+++ Source data
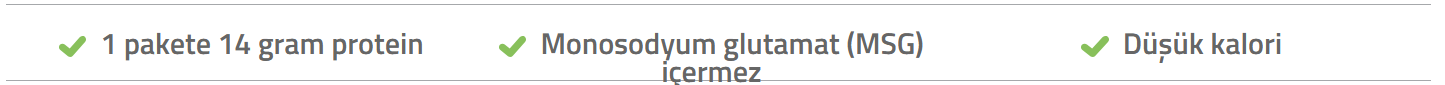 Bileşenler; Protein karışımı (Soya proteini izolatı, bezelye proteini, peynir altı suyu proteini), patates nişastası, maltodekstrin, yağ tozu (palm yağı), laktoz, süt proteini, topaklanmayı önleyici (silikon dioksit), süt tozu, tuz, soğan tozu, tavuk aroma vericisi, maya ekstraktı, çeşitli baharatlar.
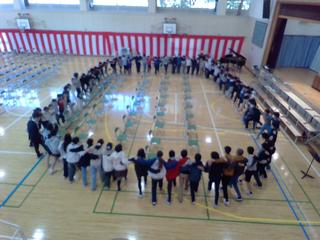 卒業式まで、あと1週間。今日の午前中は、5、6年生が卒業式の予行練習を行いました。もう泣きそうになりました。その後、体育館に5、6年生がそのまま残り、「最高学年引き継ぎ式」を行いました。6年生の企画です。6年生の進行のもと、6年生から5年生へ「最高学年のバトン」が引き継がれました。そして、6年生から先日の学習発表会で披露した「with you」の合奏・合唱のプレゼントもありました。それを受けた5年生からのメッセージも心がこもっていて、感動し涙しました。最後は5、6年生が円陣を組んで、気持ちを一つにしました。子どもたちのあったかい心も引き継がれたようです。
++++++
+++ Source data
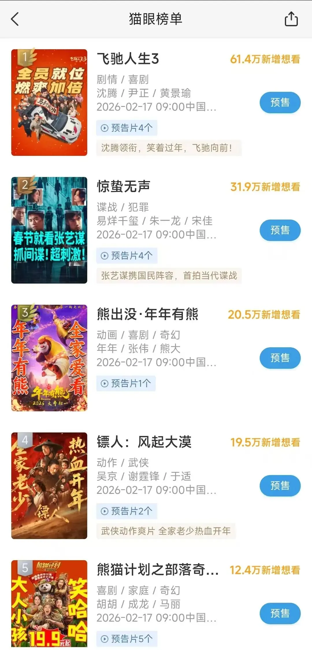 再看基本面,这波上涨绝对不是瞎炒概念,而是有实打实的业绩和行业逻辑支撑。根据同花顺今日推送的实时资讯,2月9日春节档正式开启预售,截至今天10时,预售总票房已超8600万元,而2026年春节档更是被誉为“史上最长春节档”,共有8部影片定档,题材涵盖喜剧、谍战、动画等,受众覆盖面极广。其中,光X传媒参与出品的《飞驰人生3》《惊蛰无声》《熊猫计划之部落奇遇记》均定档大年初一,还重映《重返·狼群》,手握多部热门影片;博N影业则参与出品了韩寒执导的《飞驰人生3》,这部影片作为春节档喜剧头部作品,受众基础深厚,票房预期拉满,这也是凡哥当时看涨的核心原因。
++++++
• What is required
Above are some records; extract exactly the lines from the one containing "Bileşenler; Protein karışımı" through the one containing "卒業式まで、あと1週間。今日" and drop the pictures.

• Solution for this task
 Bileşenler; Protein karışımı (Soya proteini izolatı, bezelye proteini, peynir altı suyu proteini), patates nişastası, maltodekstrin, yağ tozu (palm yağı), laktoz, süt proteini, topaklanmayı önleyici (silikon dioksit), süt tozu, tuz, soğan tozu, tavuk aroma vericisi, maya ekstraktı, çeşitli baharatlar.
 卒業式まで、あと1週間。今日の午前中は、5、6年生が卒業式の予行練習を行いました。もう泣きそうになりました。その後、体育館に5、6年生がそのまま残り、「最高学年引き継ぎ式」を行いました。6年生の企画です。6年生の進行のもと、6年生から5年生へ「最高学年のバトン」が引き継がれました。そして、6年生から先日の学習発表会で披露した「with you」の合奏・合唱のプレゼントもありました。それを受けた5年生からのメッセージも心がこもっていて、感動し涙しました。最後は5、6年生が円陣を組んで、気持ちを一つにしました。子どもたちのあったかい心も引き継がれたようです。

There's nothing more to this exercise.